“Over” was short for “over to you” indicating that it’s your turn to talk on a short wave radio or walkie-talkie (or any half duplex comm tech for you nerds out there). Smart speakers are super cool and a step forward in voice – but they’re still half duplex, klunky, unnatural voice interfaces. We’ll all look back one day and remember how quaint today’s smart speakers were – like we remember morse code, tape players, and VCRs. Try turn-taking a face-to-face conversation or conference call sometime, and you’ll get a feel for what smart speakers, and all voice interfaces for that matter, are missing out on. There’s a whole field of study around the protocols and rules of human conversation called “Pragmatics” that study how humans interact one to one, one to many and many-to-many.
For example – I’ll say, “Alexa, play ‘Fool in the Rain’ by Led Zeppelin on Spotify,” and wait the requisite three seconds of silence so Alexa knows I’m done talking (might be easier to just say “over”). Then Alexa says, “I’m sorry, I can’t find ‘Fool in the Rain’ by Led Zeppelin on Spotify.” I’ll remember I cancelled Spotify and try to correct myself by speaking over Alexa, “No, play it on Amazon Music.” It’s natural to do this – a person wouldn’t miss a beat having the same conversation.
In addition to the half duplex limitation, Alexa also can’t understand multiple speakers.

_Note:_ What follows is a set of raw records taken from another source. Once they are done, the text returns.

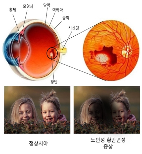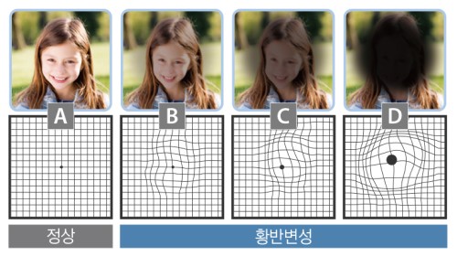 시야 가운데 부분이 흐릿한 영역으로 보이게되며 흐릿한 부분이 더우 커지고 검은 점이 보일 수도 있습니다.
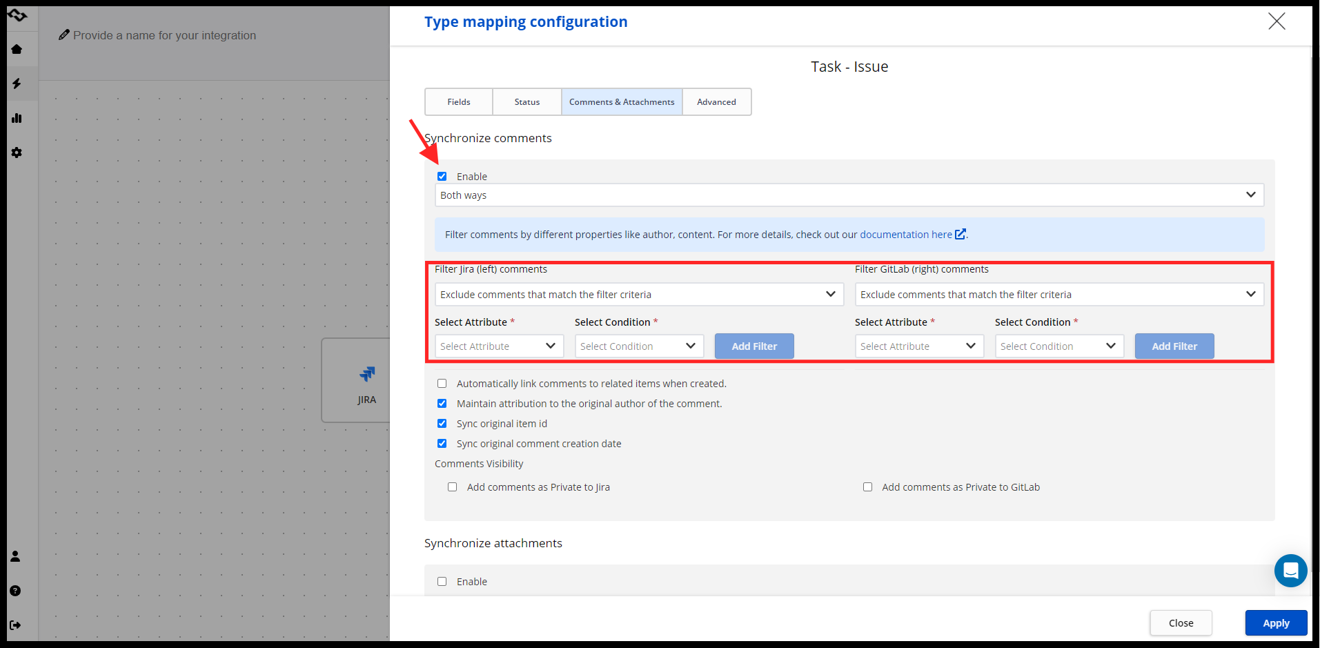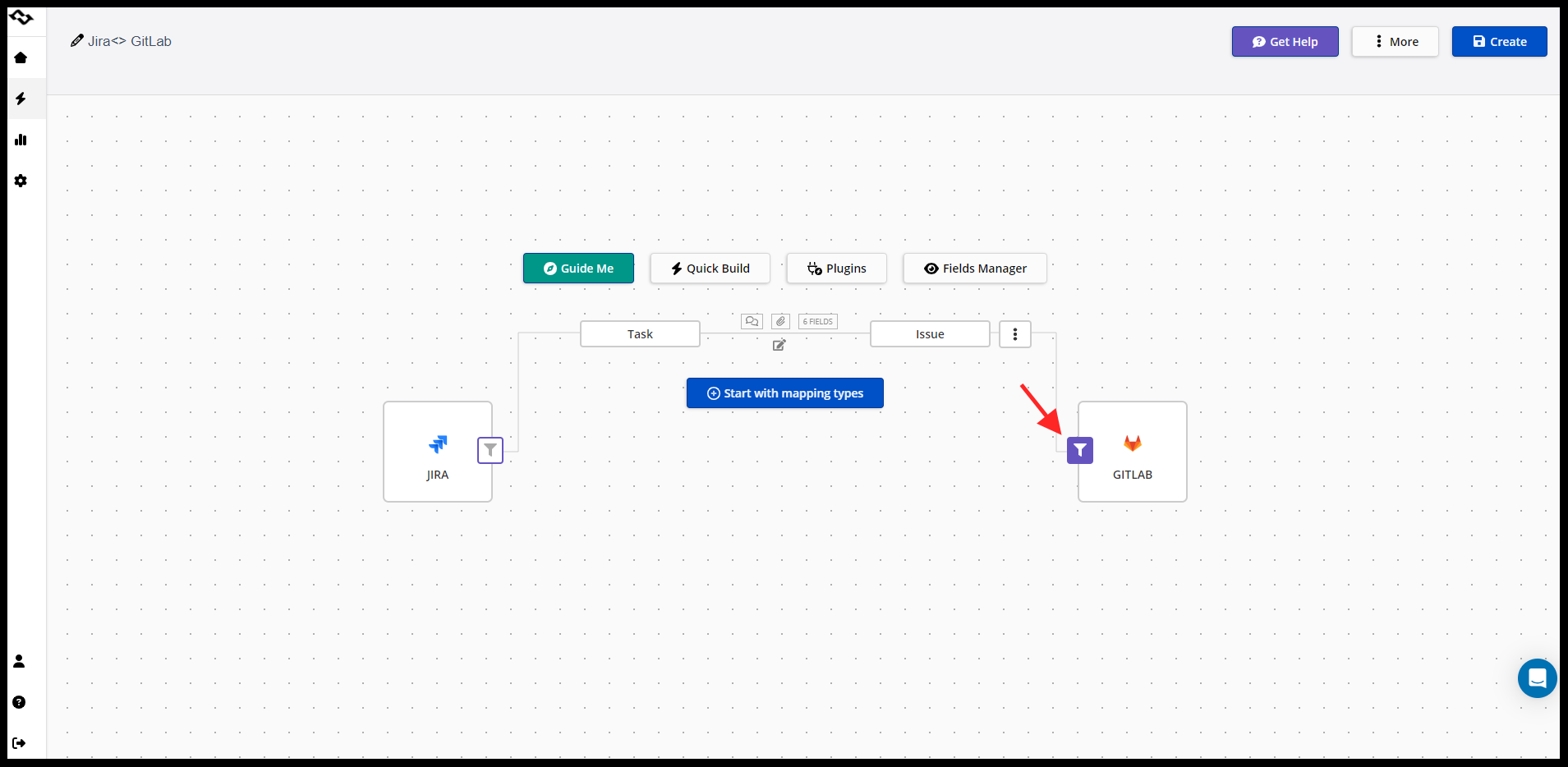 * Click on the filtering icon near the app icon in your integration. This will apply to that side of the integration.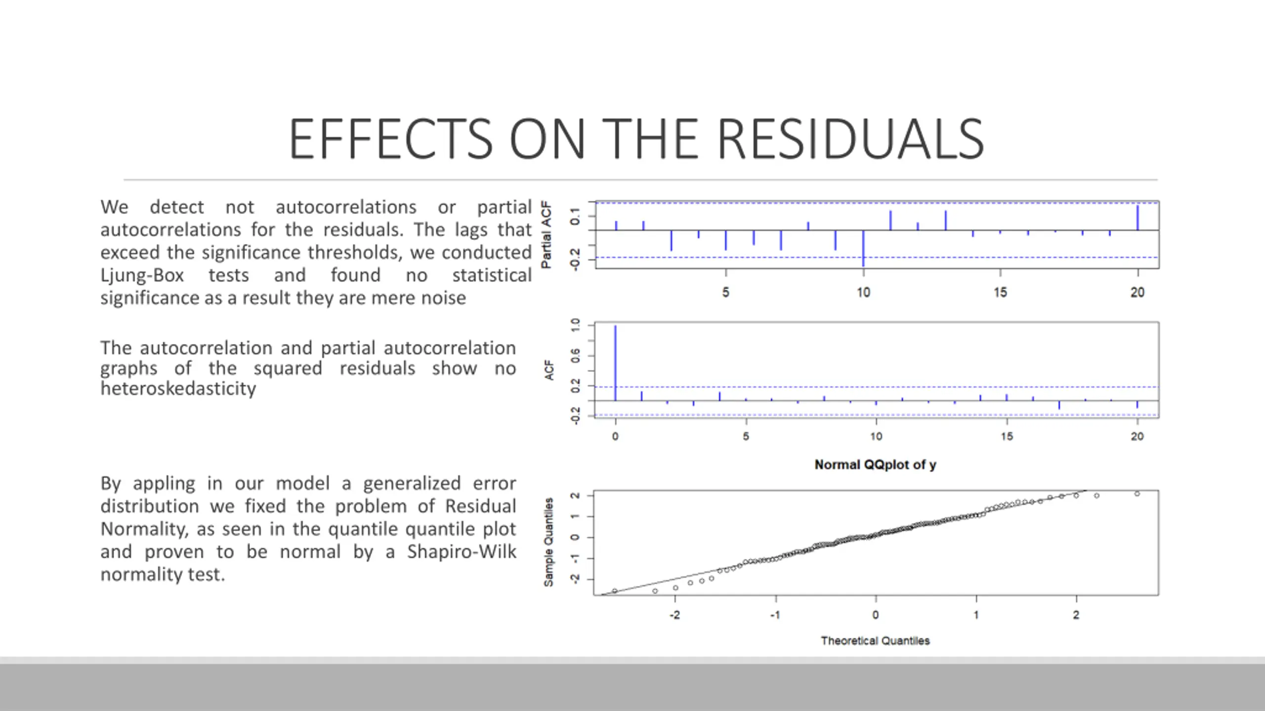 EFFECTS ON THE RESIDUALS We detect not autocorrelations or partial autocorrelations for the residuals. The lags that exceed the significance thresholds, we conducted Ljung-Box tests and significance as a result they are mere noise found no statistical The autocorrelation and partial autocorrelation graphs of the squared residuals show no heteroskedasticity By appling in our model a generalized error distribution we fixed the problem of Residual Normality, as seen in the quantile quantile plot and proven to be normal by a Shapiro-Wilk normality test.

Even the best user interfaces today employ turn-taking to manage the conversations and don’t work at all with more than two speakers in a conversation. For example, if my children interrupt Alexa while she’s playing “Fool in the Rain” and ask her to play “Space Unicorn“, a song that can make you insane after hearing it for the 400th time, I typically respond by shouting, “Laa Laa Laa Laa!!” to confuse Alexa and keep her playing good music.
Managing the turn-taking in a conversation with multiple speakers is no simple task. It requires that you listen while you talk and also respond to visual queues (in a face-to-face conversation). For example, Japanese speakers often produce back-channel expressions such as un or sō while their partner is speaking. They also tend to mark the end of their own utterances with sentence-final particles and produce vertical head movements near the end of their partner’s utterances. See Turn-taking – Wikipedia for a long description of the complexity. The listen-and-talk problem gets exponentially worse when you add more speakers. A bot will need to know whether it’s having a friendly conversation and should wait until the person is done talking, or if the bot is arguing and should cut into the rant.
Recognizing these short-comings is the first step in over-coming them. Nuance R&D is working on these problems and others to transform the way people interface with technology.